Of course all of these were hidden from daily sight, ad I doubt a single one of my contemporaries could have guessed that their habitations, held not only natural wall stuff, bricks and mortar, yet nor insulation and the small creatures that live in the corners of man, but Things such as the citizens of B___ felt that students should be surrounded by. It can be of no surprise to those who have seen students in the town that not all of these things were of as kindly intention as were originally envisaged, nor is it to be expected that the donations were thoroughly investigated before mixing them with the cement. I shall not dwell certain ancient legends concerning London Bridge.
When you dispose of nuclear waste you attempt to immobilise it first, embedding the dangerous materials in glass or artificial mineral crystals, and then bury the container such that any leaks will be far from what one treasures. I can only guess at the motivations of the townsman who had decided that embedding in concrete counted as good enough immobilization of the evil thing, considering the placement of any leaks.
I did not sleep well the next night either, for my mind was awhirl with thoughts of the wonders lying concealed in the walls around me.
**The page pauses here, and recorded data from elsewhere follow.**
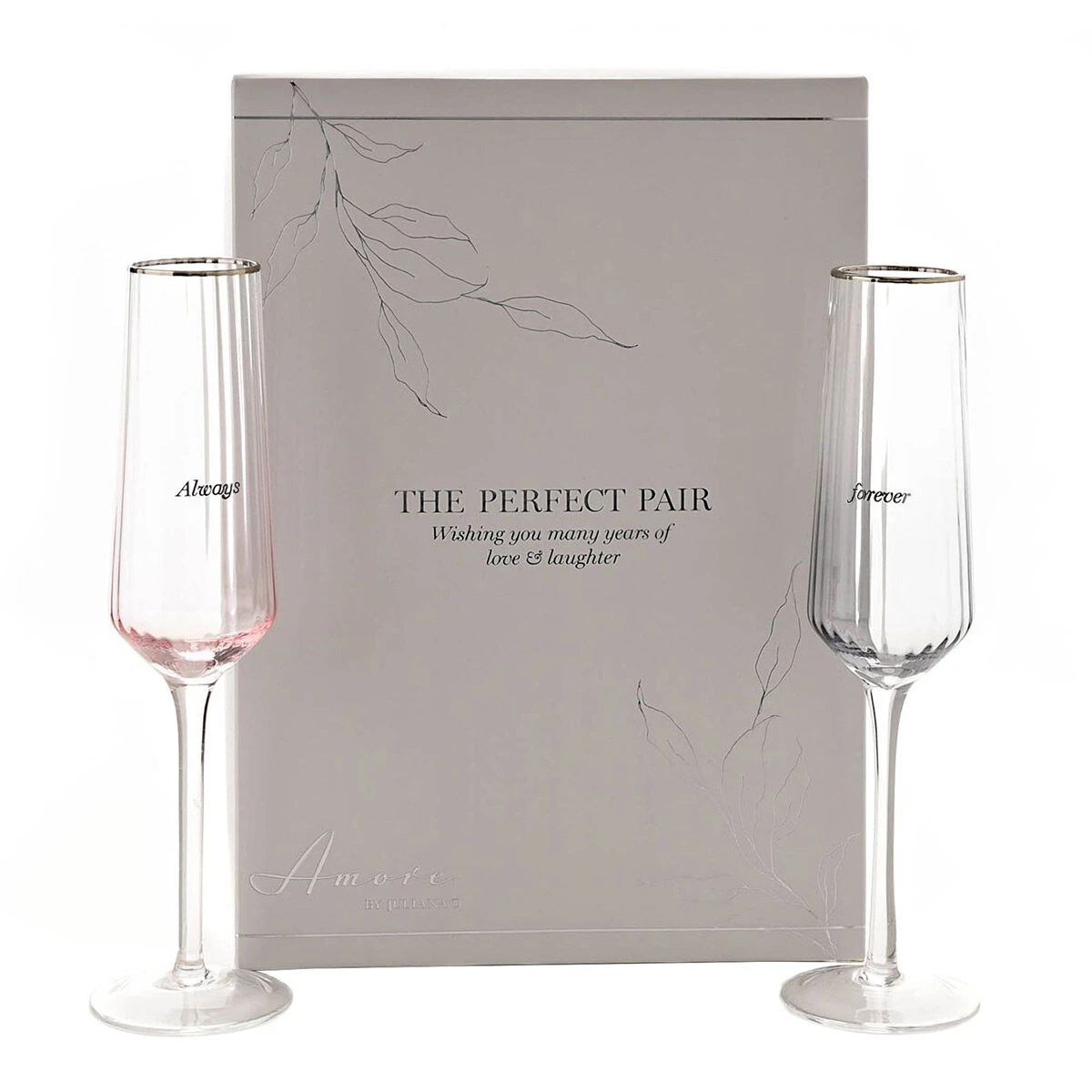 The perfect solution for that extra-special wedding or anniversary gift, this set of two glasses are designed with the words ‘Always & Forever’. Both glasses are tall and slim and perfect for drinking something bubbly!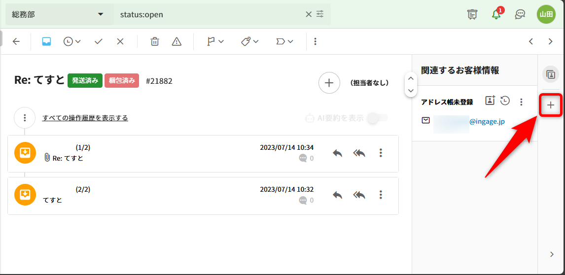 1.連携設定したい受信箱のチケット詳細画面を開き、右端にある[外部連携パネル]にて[+]アイコンをクリックします。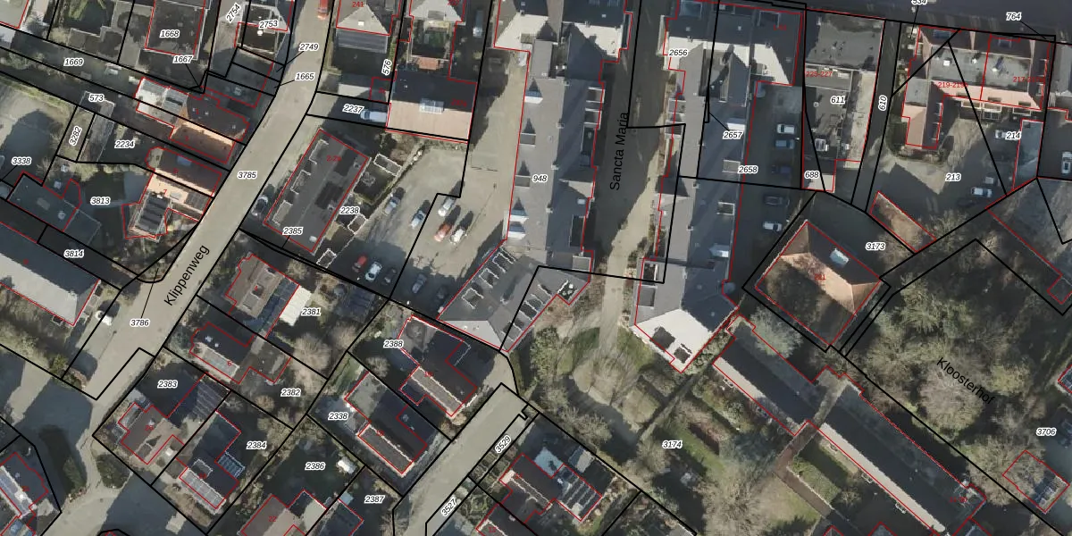 Het perceel waarop Sancta Maria 38 staat heeft een oppervlakte van 2244 m². Dit is een zeer groot perceel. De perceeloppervlakte wordt geregistreerd door het Kadaster. Gedetailleerde informatie over de maten van dit perceel kunt u vinden in het rapport Kadastrale kaart met maatvoering van Sancta Maria 38.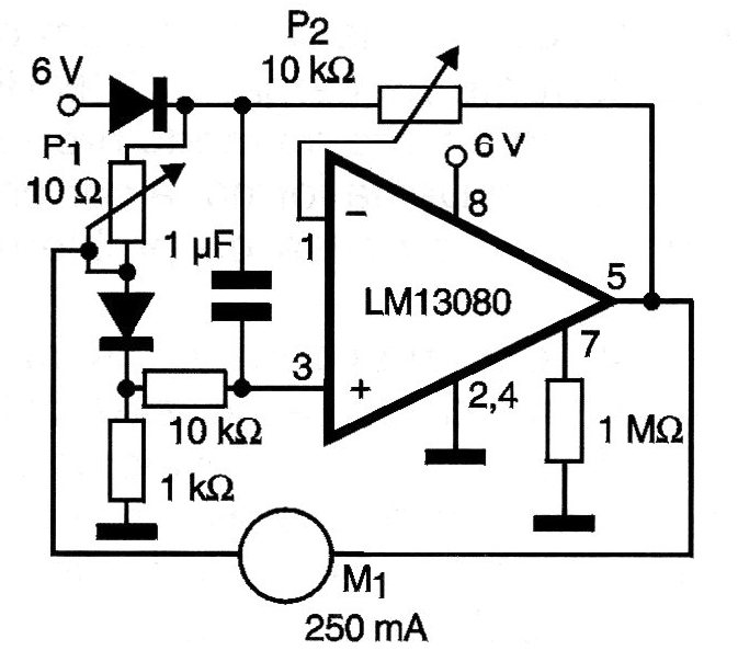 El circuito suministrado permite el control directo de un pequeño motor de corriente continua de hasta 250 mA. El componente básico empleado es un amplificador operacional de potencia que, en este caso, se alimenta con una fuente simple de 6 V. El control se realiza en los dos potenciómetros, siendo que P1 determina la referencia de velocidad. El diodo es de uso general y los demás componentes no son críticos.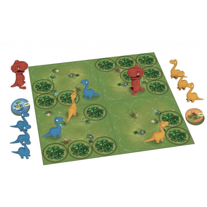 Pour l’emporter, votre équipe de Diplos devra réussir à manger plus de feuilles que l’équipe adverse… à moins que vous ne choisissiez de faire appel aux féroces T.Rex pour éliminer tous les Dinos adverses de la prairie !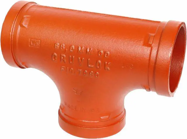 Tee, Ductile Iron, Painted, Class Class 150, For Pipe Schedule 40, 3 in, Grooved, 3 in, Grooved, 3 in, Grooved, 300 psi @ 150 Degrees F Maximum Operating Pressure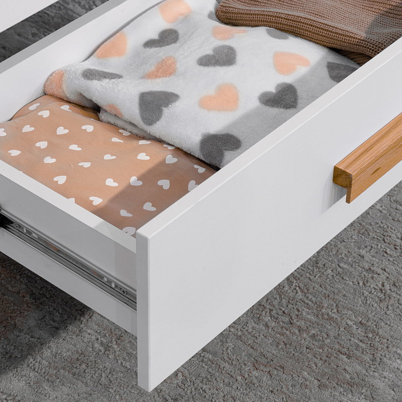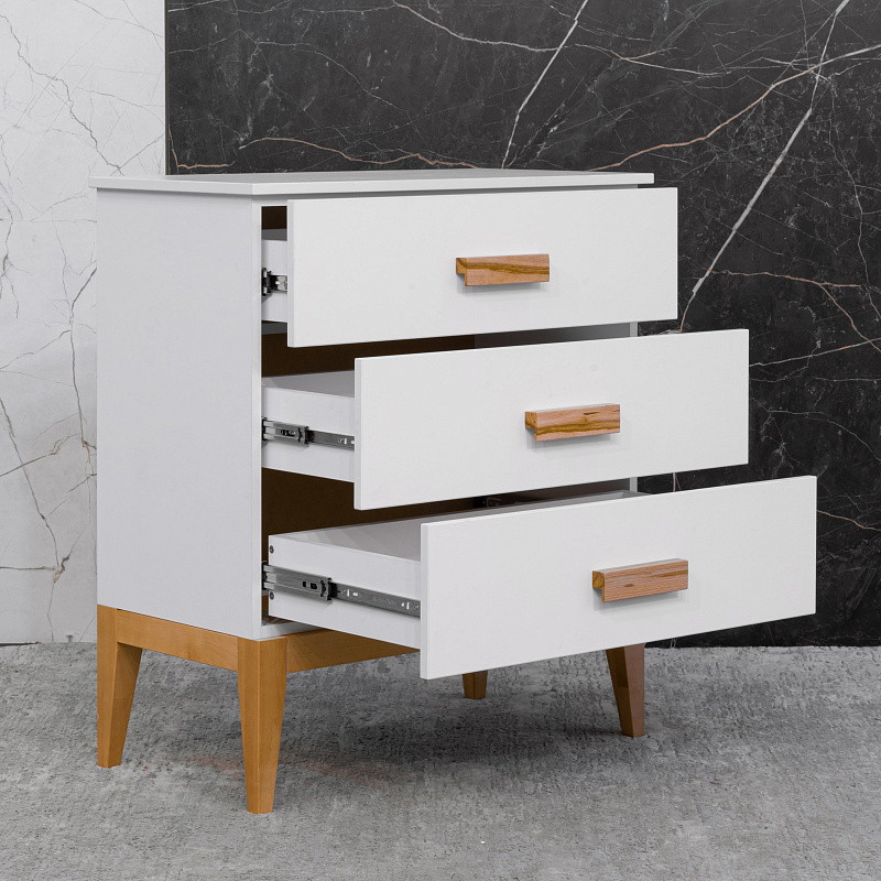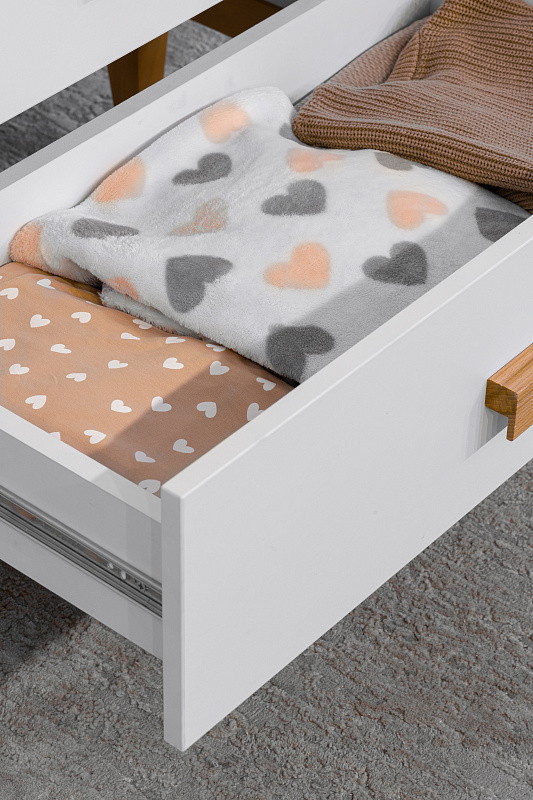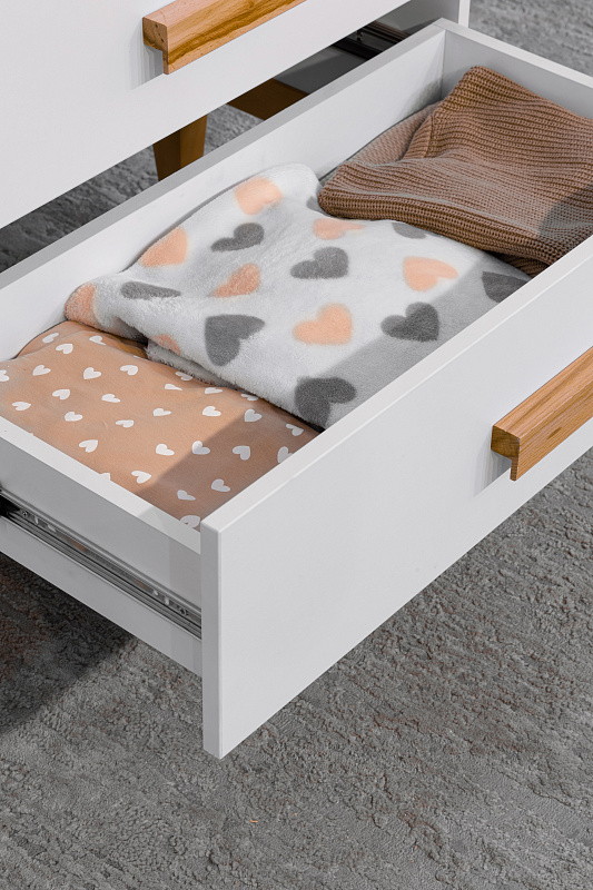 Три выдвижных ящика, оснащенные телескопическими направляющими полного выдвижения, предоставляют удобный доступ к содержимому, позволяя организовать пространство максимально эффективно. Независимо от того, храните ли вы вещи для ребенка или повседневные мелочи, данный комод поможет поддерживать порядок и уют в вашем доме.

Here, close but inaccessible were intentions made concrete; people’s very thoughts and attitudes forever fossilised in the living structure. Also, I fancied I could hear noises.
I was in this mood when a familiar scratching at the door alerted me to the arrival of my companion in exploration. I opened the door and he trotted in proudly, tail held high. Clutched in that noble beast’s mouth was the struggling form of a malevolent porcelain doll.